Omitting the pictures, restate all of the entries below exactly.

(Collected data entries)
- - - - - - -

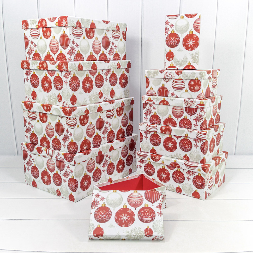 Коробка 34 х 26 х 15.3 см Набор 10 шт "Новый год" (Белый)
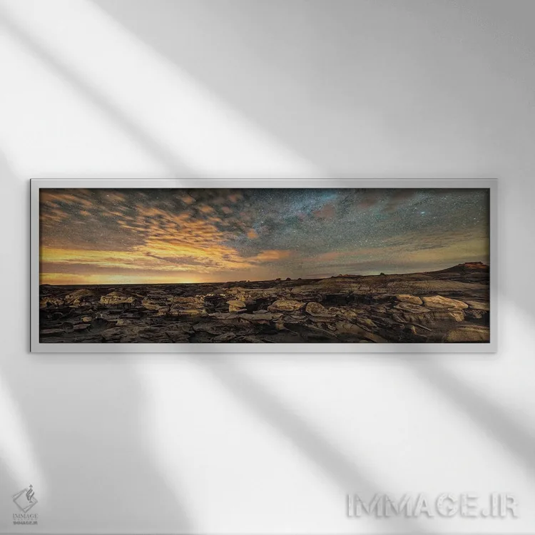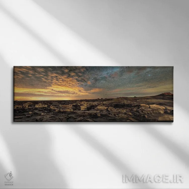 اگر اهل «کم اما درست» هستید، «هودوهای بیستی بدلندز زیر شب پرستاره نیومکزیکو» اثرِ «اولنا آرت (استودیو هنری)» جلوهٔ رنگها را طبیعیتر و متعادلتر نشان میدهد؛ برای دیوار بالای کنسول یا شومینه پیشنهاد میشود. فضا را شلوغ نمیکند؛ فقط دقیقترش میکند.
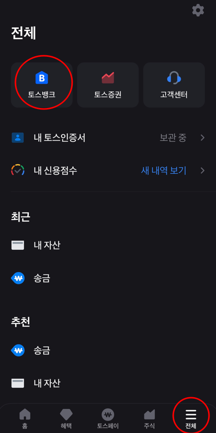 1. 토스 앱을 다운 받으셨다면, 앱을 실행시킨 후 하단에 보이는 전체 버튼을 누르고, 토스뱅크를 터치하세요
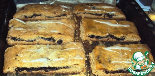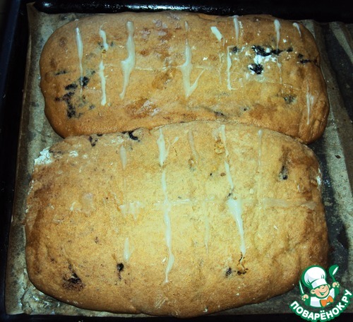 Горячие пряники слегка полила глазурью, так как у меня ее было немного. Не хотелось дополнительной сладости. Поставила на пару минут в духовку для застывания глазури.
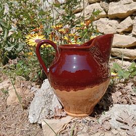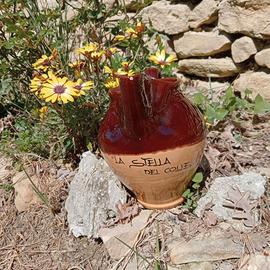 Caraffa in terracotta smaltata, colori marrone nella parte superiore e interiore e color marroncino chiaro nella parte inferiore con scritta netta "La stella del colle" con manico. Altezza cm20 circonferenza cm48.
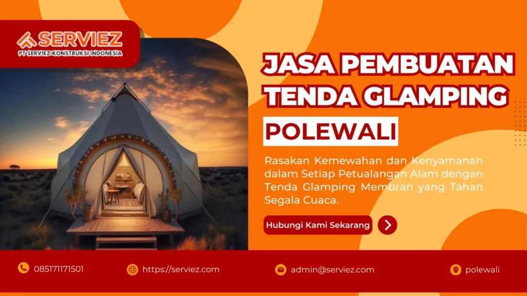 Jasa Pembuatan Tenda Glamping Polewali adalah pilihan tepat untuk Anda yang ingin menikmati pengalaman berkemah yang mewah. Dengan berbagai aplikasi, desain unik, dan material berkualitas, kami siap membantu Anda mewujudkan pengalaman berkemah yang tak terlupakan.
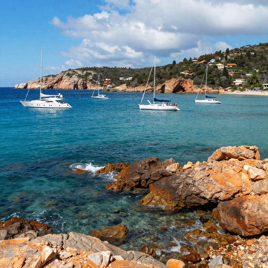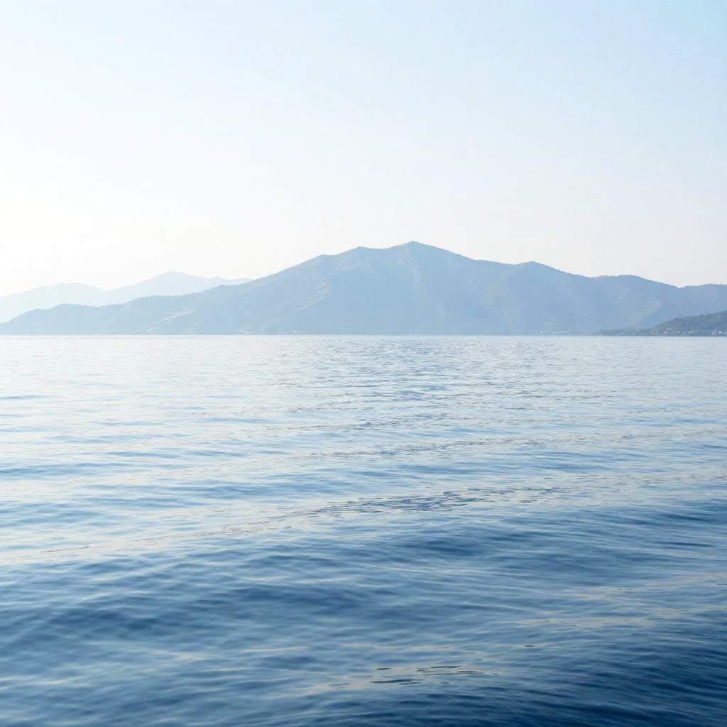 This is a colorful digital image of a coastal landscape. The foreground features rocky, orange-brown cliffs with jagged edges. The mid-ground shows a vibrant blue sea that seamlessly transitions to a lighter blue near the horizon. In the background, there are distant, hazy landmasses. The bright, clear sky is mostly white with a slight gradient to blue. The overall scene is bright and vivid, with sharp contrasts between the rocks and water.
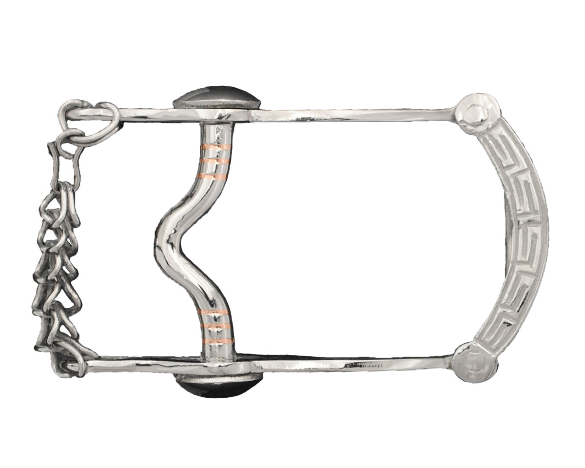 buckle, bit-shaped, simple engraving, with leafe and flower ornaments, fits belts up to 2". Hebilla economica en forma de freno de acero inoxidable grabado
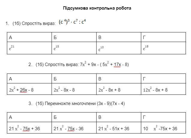 коли є ділення, то степені навпаки віднімаються: c19: c4= c19-4= c15

- - - - - - -

Written answer »
 Коробка 34 х 26 х 15.3 см Набор 10 шт "Новый год" (Белый)
 اگر اهل «کم اما درست» هستید، «هودوهای بیستی بدلندز زیر شب پرستاره نیومکزیکو» اثرِ «اولنا آرت (استودیو هنری)» جلوهٔ رنگها را طبیعیتر و متعادلتر نشان میدهد؛ برای دیوار بالای کنسول یا شومینه پیشنهاد میشود. فضا را شلوغ نمیکند؛ فقط دقیقترش میکند.
 1. 토스 앱을 다운 받으셨다면, 앱을 실행시킨 후 하단에 보이는 전체 버튼을 누르고, 토스뱅크를 터치하세요
 Горячие пряники слегка полила глазурью, так как у меня ее было немного. Не хотелось дополнительной сладости. Поставила на пару минут в духовку для застывания глазури.
 Caraffa in terracotta smaltata, colori marrone nella parte superiore e interiore e color marroncino chiaro nella parte inferiore con scritta netta "La stella del colle" con manico. Altezza cm20 circonferenza cm48.
 Jasa Pembuatan Tenda Glamping Polewali adalah pilihan tepat untuk Anda yang ingin menikmati pengalaman berkemah yang mewah. Dengan berbagai aplikasi, desain unik, dan material berkualitas, kami siap membantu Anda mewujudkan pengalaman berkemah yang tak terlupakan.
 This is a colorful digital image of a coastal landscape. The foreground features rocky, orange-brown cliffs with jagged edges. The mid-ground shows a vibrant blue sea that seamlessly transitions to a lighter blue near the horizon. In the background, there are distant, hazy landmasses. The bright, clear sky is mostly white with a slight gradient to blue. The overall scene is bright and vivid, with sharp contrasts between the rocks and water.
 buckle, bit-shaped, simple engraving, with leafe and flower ornaments, fits belts up to 2". Hebilla economica en forma de freno de acero inoxidable grabado
 коли є ділення, то степені навпаки віднімаються: c19: c4= c19-4= c15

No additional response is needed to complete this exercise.